There is no single, official count that breaks “military aircraft crashes and mishaps during the Biden administration” into one neat number, but available Pentagon data and news reports show a clear pattern: fatal and very costly military aviation mishaps rose sharply during Biden’s term, peaking in fiscal year 2024 (which ended in September 2024, still under Biden).

What the numbers actually say

The key data point comes from a Pentagon dataset shared with Senator Elizabeth Warren and analyzed by Defense One and Military Times:

  • Between full budget years 2020 through 2023 and part of 2024 (a period that largely overlaps with the Biden administration), the U.S. military recorded 4,280 total mishaps across all classes.
  • These mishaps resulted in:
    • 90 deaths
    • Nearly 90 aircraft destroyed
    • Over $9 billion in damages.

This 4-year window includes:

  • Most of the Trump administration (FY 2020),
  • Almost all of the Biden administration (FY 2021, FY 2022, FY 2023, and most of FY 2024).

So while the 4,280 mishaps and 90 deaths are not exclusively Biden-era, the majority of them occurred during his presidency.

Class A (deadliest/costliest) mishaps

Class A mishaps are the most serious category: they involve fatalities, permanent disablement, or damage over $2.5 million.

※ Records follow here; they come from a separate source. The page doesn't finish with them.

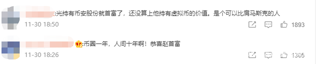 圍觀羣眾之中,有網友表示,趙長鵬是比肩馬斯克的人,因為光持有幣安股份就首富了,還沒算上他持有虛擬幣的價值。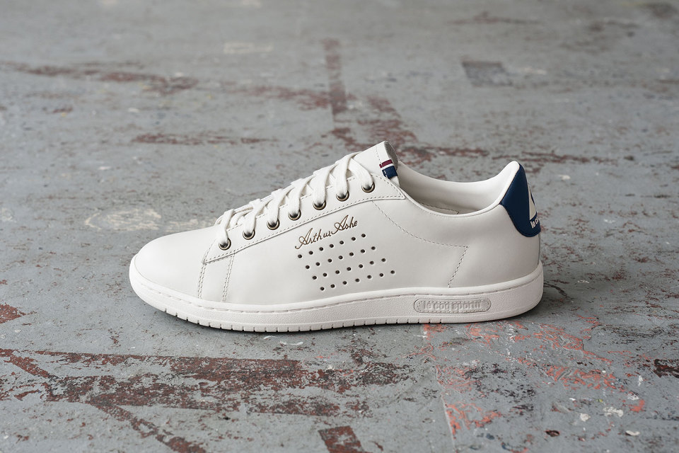 After French brand le coq sportif linked up with with Paris concept store colette to make the Arthur Ashe “Full White” , the folks at le coq sportif decided to release an Arthur Ashe model identical to the ’60s model that combines authenticity and modernity. The Arthur Ashe “Authentic” are all white premium leather signature tennis sneaker made in honor of the Iconic and Legendary tennis player. As part of the “Authentic” pack the le coq sportif sneaker, which originally launched in 1964, comes with some navy blue, bronze and red accents on the heel for a nice added touch. I love the way the signature Arthur Ashe logo placement on the side-panel matches the rivets and the little tri color accents on the the tongue are dope too, this is such a smooth sneaker
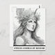 A black and white postcard featuring Athena, the Greek goddess of wisdom, war, and crafts. The postcard features a detailed line art drawing of Athena, depicted as a fierce warrior in a minimalistic black-and-white style.
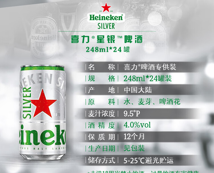 喜力经典(Heineken)啤酒330ml*24听整箱装荷兰原装进口啤酒元旦送礼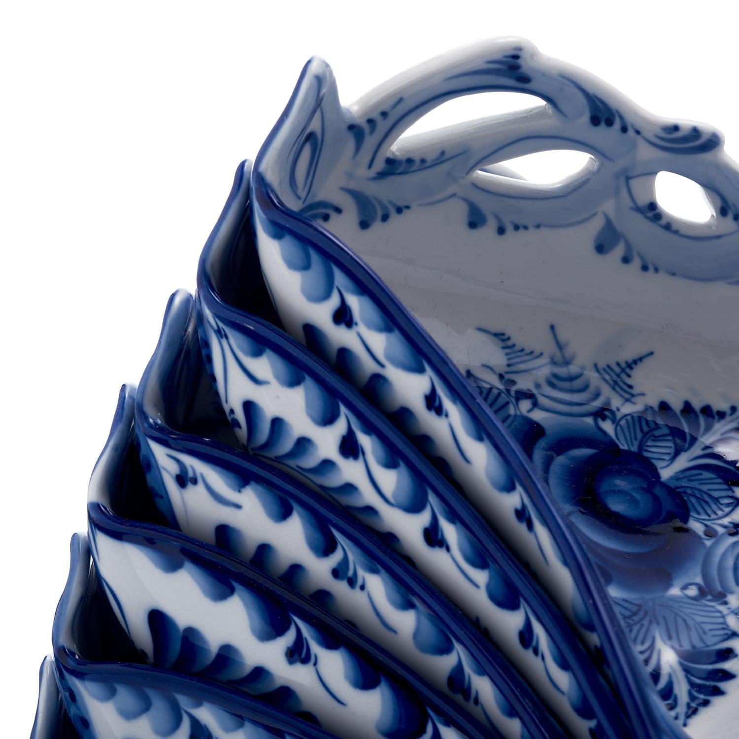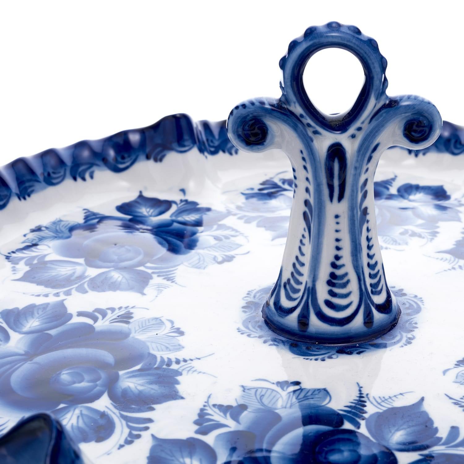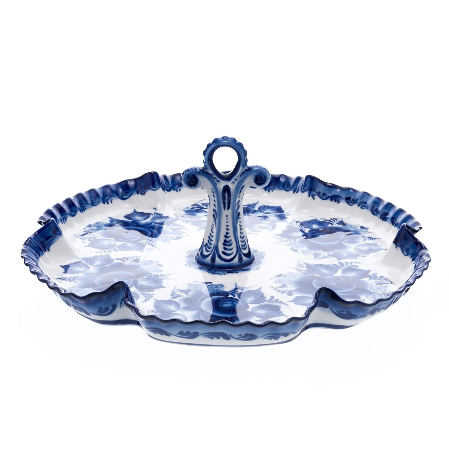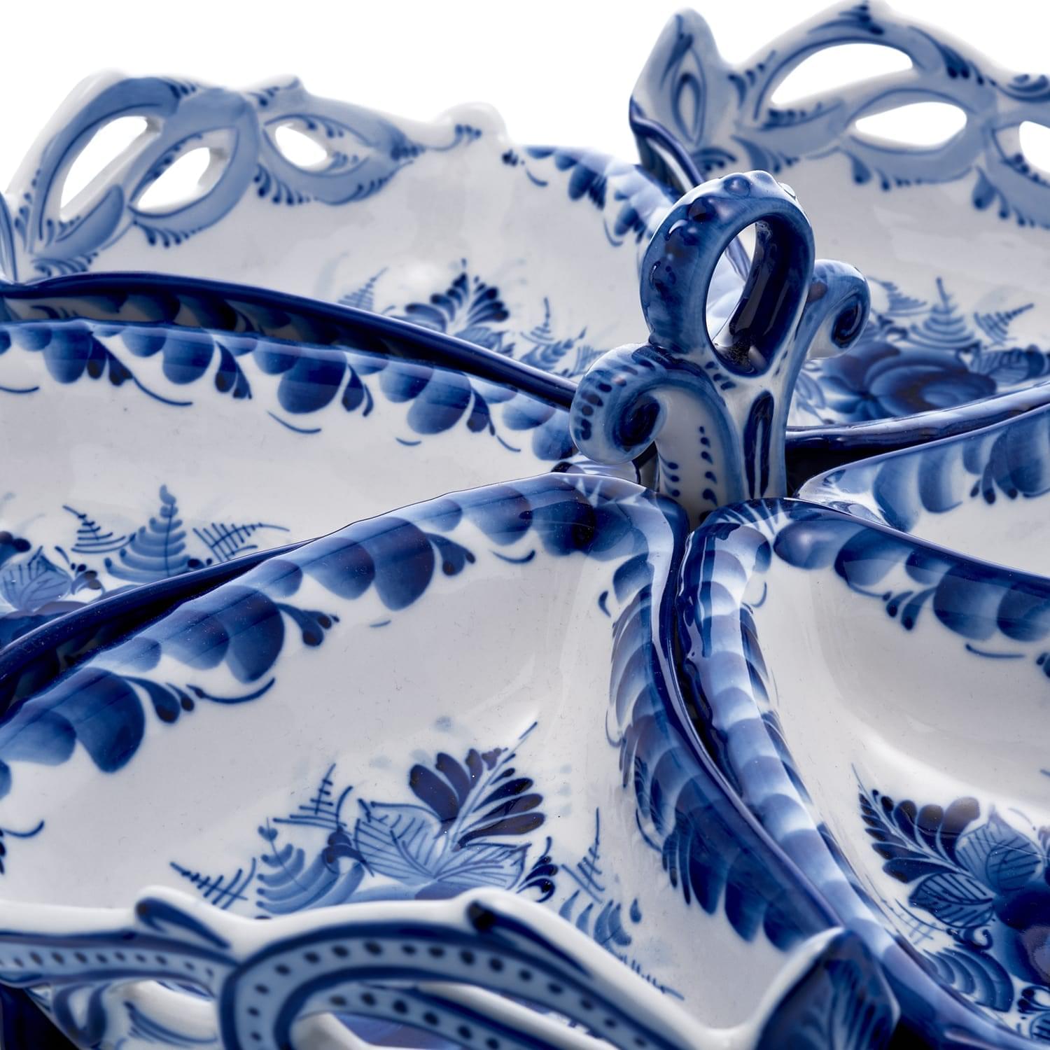 Каждое готовое изделие обмокнуто в жидкую стеклянную глазурь, надежно защищающую роспись. Авторские растительные орнаменты гжельских мастеров никогда не повторяются в точности. Авторская работа гжельского мастера, менажница Гжель - это красивый, символичный и функциональный подарок в русском стиле для мужчины или женщины на личный или общий праздник.

  • The Class A mishap rate per 100,000 flight hours rose from:
    • 1.3 in FY 2020 to
    • 2.02 in FY 2024 – a 55% increase over four years.
  • In the Army alone , FY 2024 saw:
    • 17 Class A mishaps (15 during flight, 2 ground),
    • A rate of 1.9 per 100,000 flight hours , the highest since 2007.
  • The article notes that FY 2024 was the year before the January 2025 DC Black Hawk–airliner collision , which killed 67 people, and that the Army’s mishap rate had already spiked during Biden’s term.

Across services:

  • Marines : rate nearly doubled (1.33 → 3.91).
  • Army : 0.76 → 2.02.
  • Air Force : 1.72 → 1.9.
  • Navy : 1.12 → 1.76 (after peaking at 1.98 in 2022).

All of these increases occurred mostly during 2021–2024 , i.e., under Biden.

Why there isn’t a single “Biden-only” count

Several factors make a clean “Biden administration only” number unavailable in public sources:

  1. Mishap data is reported by fiscal year (FY), not by presidential term.
    • FY 2020 overlaps Trump’s last year.
    • FY 2024 ended in September 2024, still under Biden.
    • Few public reports break mishaps down by exact months or by which president was in office.
  2. Most summaries give 4-year totals (2020–2024) rather than 2021–2024.
    • The widely cited 4,280 mishaps and 90 deaths cover FY 2020–2024, not just Biden’s time.
  1. Mishaps include many non-crash incidents.
    • The term “mishap” covers ground accidents, minor injuries, and damage events that don’t involve crashes.
    • Few sources separate “crashes” from “all mishaps” in a way that isolates the Biden years.

What we can reasonably infer

From the available data:

  • The trend is clear: military aviation mishaps, especially Class A, increased significantly during the Biden administration , with the highest rates in FY 2024.
  • The bulk of the 4,280 mishaps and 90 deaths occurred in FY 2021–2024 , which is almost entirely within Biden’s term.
  • There is no published, precise count that says “X crashes and Y mishaps happened only during the Biden administration.”

If you need a ballpark:

  • You can say that several hundred Class A and Class B mishaps , and tens of fatal crashes , occurred during Biden’s presidency, based on the 2020–2024 dataset, with the majority falling in 2021–2024.

Context: why mishaps rose

Experts and reports point to several contributing factors during this period:

  • Stagnating or inflation-eroded budgets while operational tempo remained high.
  • Aging aircraft fleets and maintenance challenges, including parts cannibalization to keep planes flying.
  • Increased operations and training demands , putting more stress on maintenance and pilot experience levels.
  • In the Army, a safety “stand-up” after a spike in mishaps in early FY 2024 later reduced the Class A rate from 1.9 to 0.86 per 100,000 flight hours for the remainder of the year.

Bottom line:
There is no single official figure that isolates “military aircraft crashes and mishaps during the Biden administration” alone. However, Pentagon data covering FY 2020–2024 shows 4,280 total mishaps, 90 deaths, nearly 90 aircraft destroyed, and over $9 billion in damages , with the worst rates occurring in FY 2021–2024 —the core of Biden’s term.

Information gathered from public forums or data available on the internet and portrayed here.